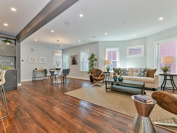 Located atop the highly sought after Jones Hill neighborhood of Dorchester. This is a complete gut renovation by a developer who pays meticulous attention to every detail. A stunning open living area, especially geared toward the person who loves to entertain. The kitchen, which faces the open living area, is complete with Fisher & Pykel appliance package, full island, custom cabinetry and wet-bar. All floors in living area & bedrooms are of gorgeous walnut wood. One guest bedroom & a master bedroom with master bath. The bedrooms are located at opposite ends of the unit for privacy. Front and back decks! All colors, fixtures and finished are designer selected, fresh and modern. Even the basement is impressive with a freshly poured concrete floor and lots of private storage. There's more: Navian on-demand hot water, Nest thermostat, Schlage keyless door lock, amazing soundproofing between floors. Close to Savin Hill T, rte 93, shopping, bars & restaurants. Open House Sunday 12-1
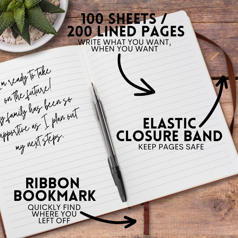 Thoughtfully designed with a smooth vegan leather cover, lined pages, a ribbon bookmark, and elastic closure band, it’s a practical companion with deeply personal meaning. Each one is custom printed to order, making it a heartfelt gift they’ll carry with them long after graduation day.
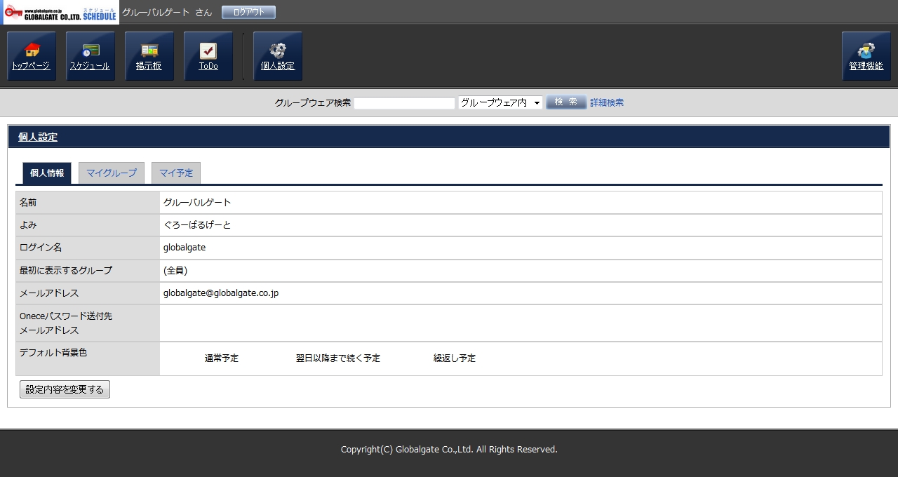 ログインする際のパスワードの変更や、自分だけが使用するグループ(マイグループ)の設定など、「自分だけ」の設定を行う事ができます。
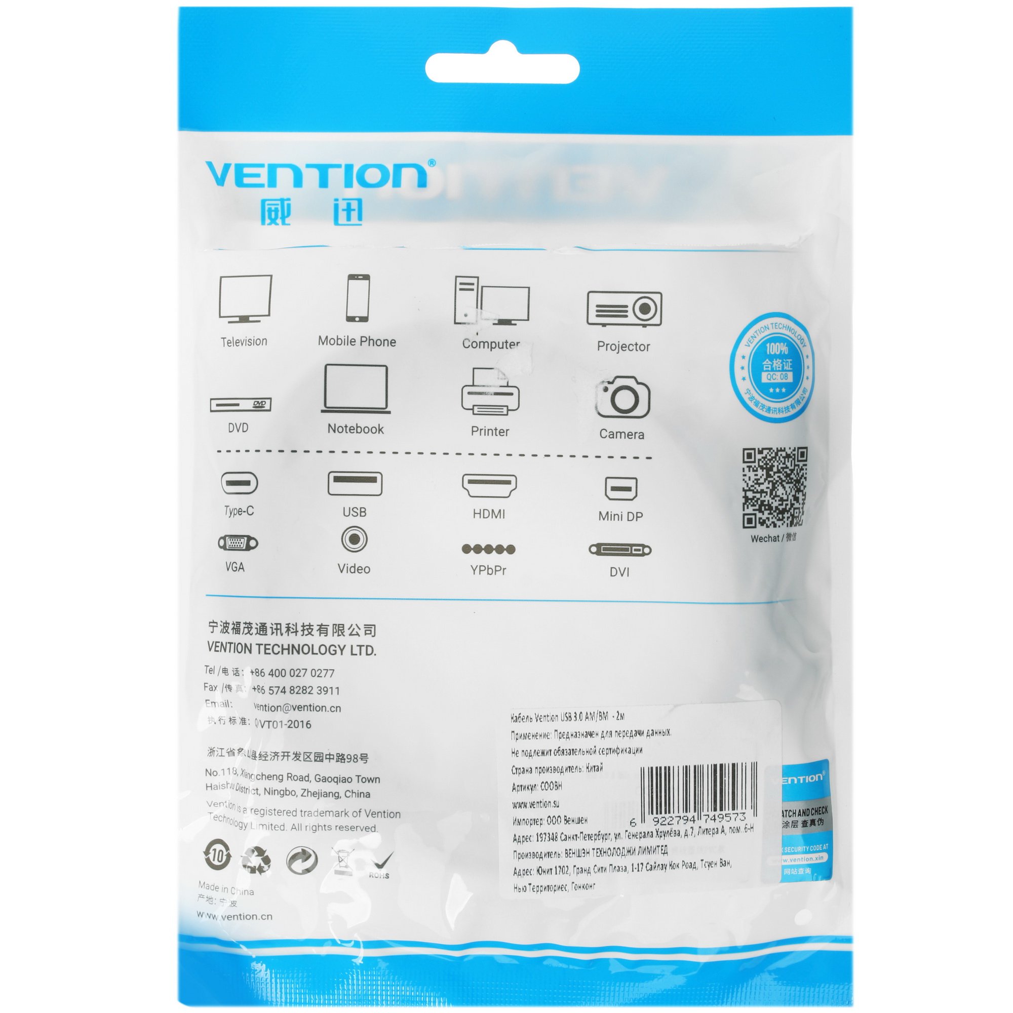 Кабель Vention USB 3.2 Gen1 Type-A - USB 3.2 Gen1 Type-B понадобится для подключения к компьютеру или ноутбуку периферийных устройств, оснащенных портом USB-B: сканера, принтера, разветвителя, МФУ или другой портативной техники. Оба интерфейса соответствуют стандарту 3.2 Gen 1, что обеспечивает обмен данными на скорости до 5 Гбит/с.
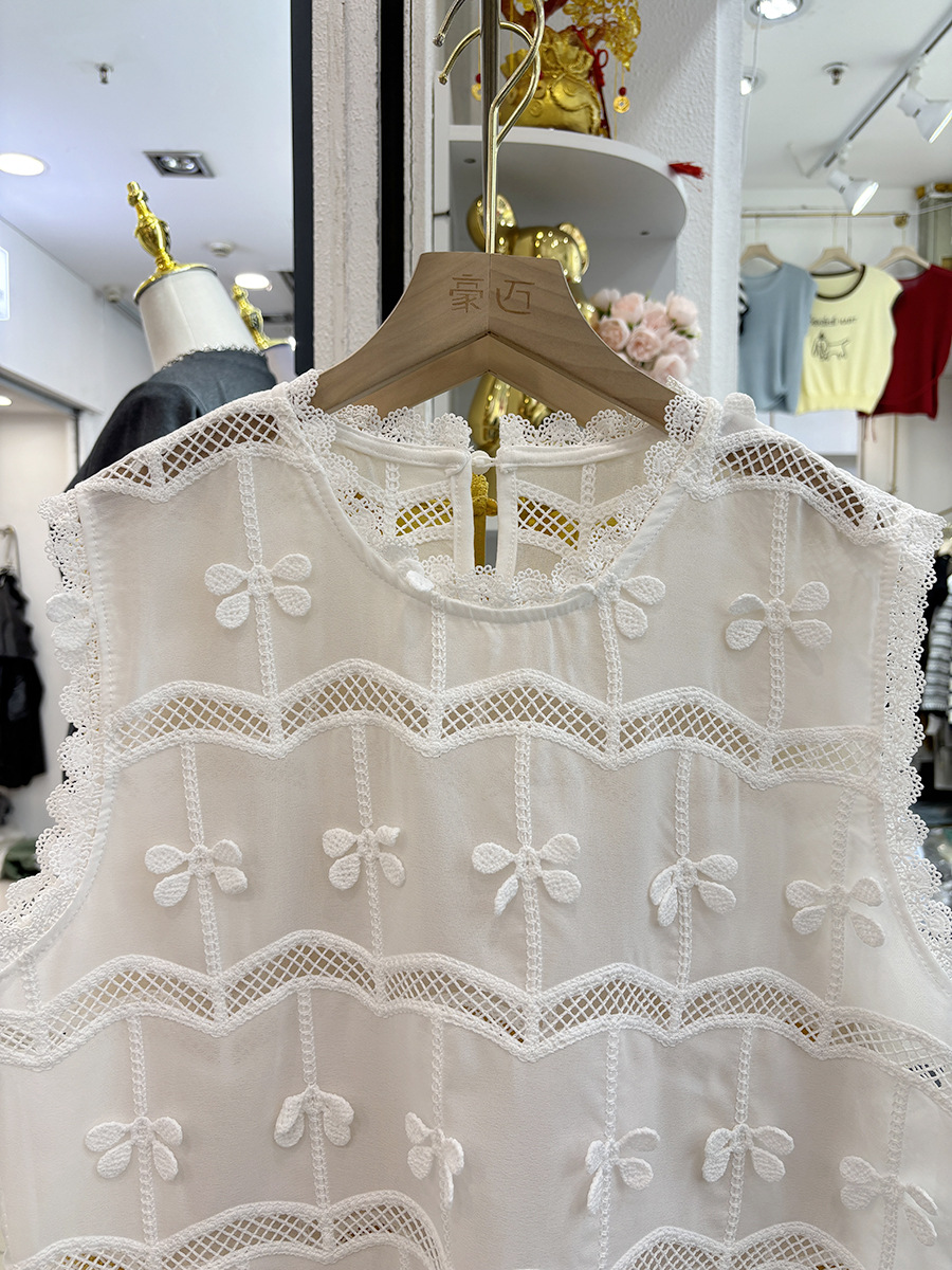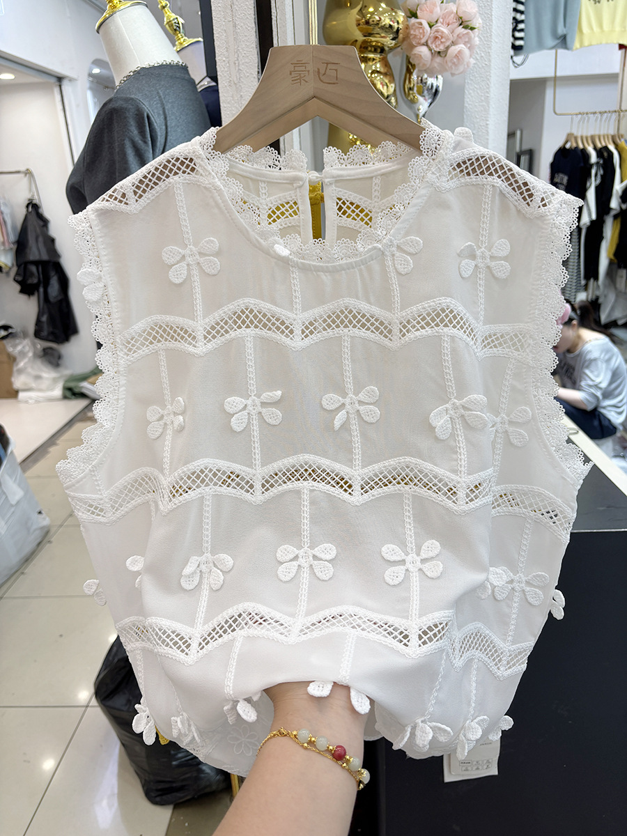 蕾丝花边镂空花朵无袖衬衫女夏季设计感轻奢减龄洋气百搭背心上衣
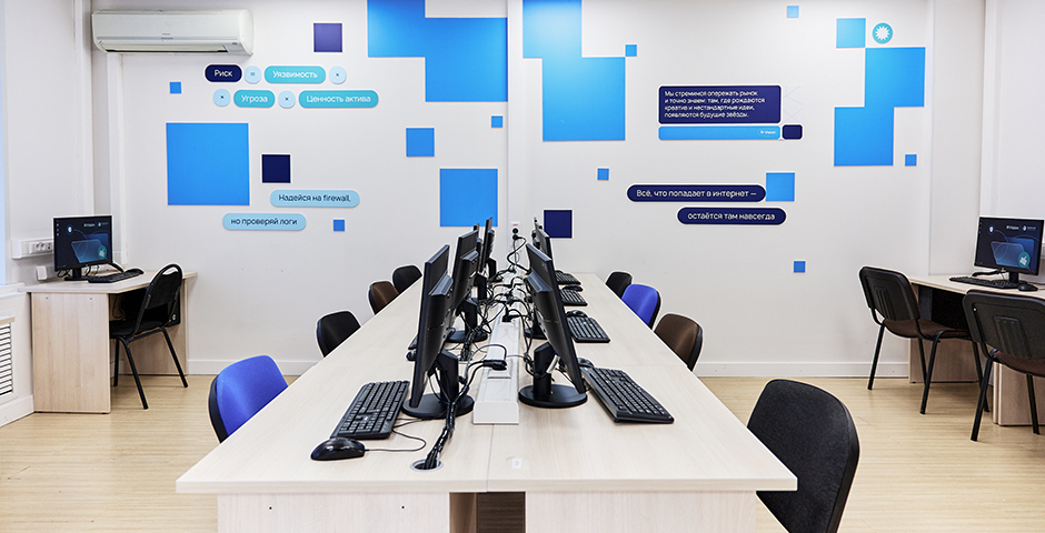 Аудитория рассчитана на 15 рабочих мест и оснащена современным оборудованием. Команда R-Vision разработала концепцию оформления и провела ремонтные работы, сформировав полноценное пространство для учебной и проектной деятельности.
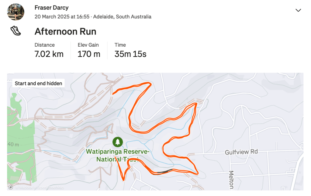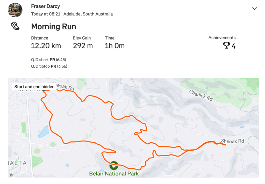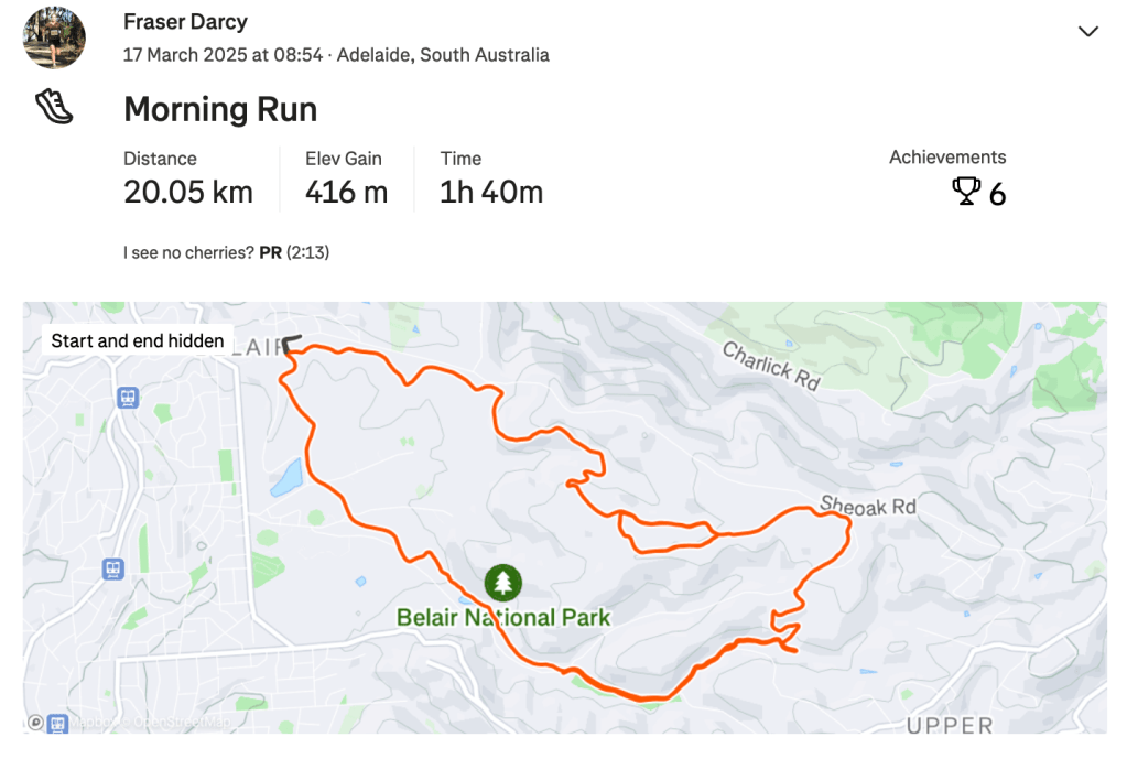 Unless you go to sleep and wake up on a seperate day. Like on Saturday. I ran 12km’s on Belair and took it fairly easy, not pushing myself to get rolling and just enjoying a nice Saturday morning before a busy-ish day of helping Alice move some furniture and then watching the Bombers lose. We did kick a lot of goals though which was good. Adelaide just kicked a lot more. I ran again in the afternoon and fit in a small mobility session to keep myself and my muscles happy.
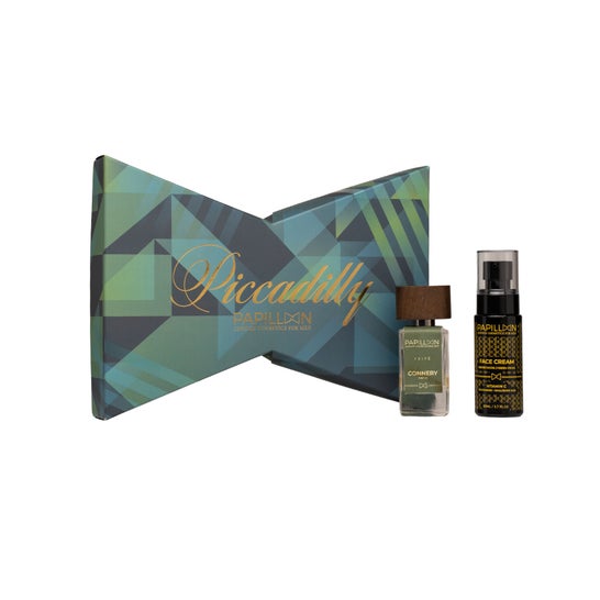 Papillon Cofre Piccadilly Connery Parfum + Face Cream Vitamin C is een exclusieve geschenkdoos die twee hoogwaardige cosmetische producten combineert, ontworpen voor de hedendaagse man. Deze set, van beperkte editie, vertegenwoordigt een viering van de mannelijkheid en wordt gepresenteerd met een unieke armband.

--- What you should do ---
Exactly as written, repeat the lines of the material above from the first through the line holding "Кабель Vention USB", with both ends in the copy and no pictures.

--- Problem solution ---
 Located atop the highly sought after Jones Hill neighborhood of Dorchester. This is a complete gut renovation by a developer who pays meticulous attention to every detail. A stunning open living area, especially geared toward the person who loves to entertain. The kitchen, which faces the open living area, is complete with Fisher & Pykel appliance package, full island, custom cabinetry and wet-bar. All floors in living area & bedrooms are of gorgeous walnut wood. One guest bedroom & a master bedroom with master bath. The bedrooms are located at opposite ends of the unit for privacy. Front and back decks! All colors, fixtures and finished are designer selected, fresh and modern. Even the basement is impressive with a freshly poured concrete floor and lots of private storage. There's more: Navian on-demand hot water, Nest thermostat, Schlage keyless door lock, amazing soundproofing between floors. Close to Savin Hill T, rte 93, shopping, bars & restaurants. Open House Sunday 12-1
 Thoughtfully designed with a smooth vegan leather cover, lined pages, a ribbon bookmark, and elastic closure band, it’s a practical companion with deeply personal meaning. Each one is custom printed to order, making it a heartfelt gift they’ll carry with them long after graduation day.
 ログインする際のパスワードの変更や、自分だけが使用するグループ(マイグループ)の設定など、「自分だけ」の設定を行う事ができます。
 Кабель Vention USB 3.2 Gen1 Type-A - USB 3.2 Gen1 Type-B понадобится для подключения к компьютеру или ноутбуку периферийных устройств, оснащенных портом USB-B: сканера, принтера, разветвителя, МФУ или другой портативной техники. Оба интерфейса соответствуют стандарту 3.2 Gen 1, что обеспечивает обмен данными на скорости до 5 Гбит/с.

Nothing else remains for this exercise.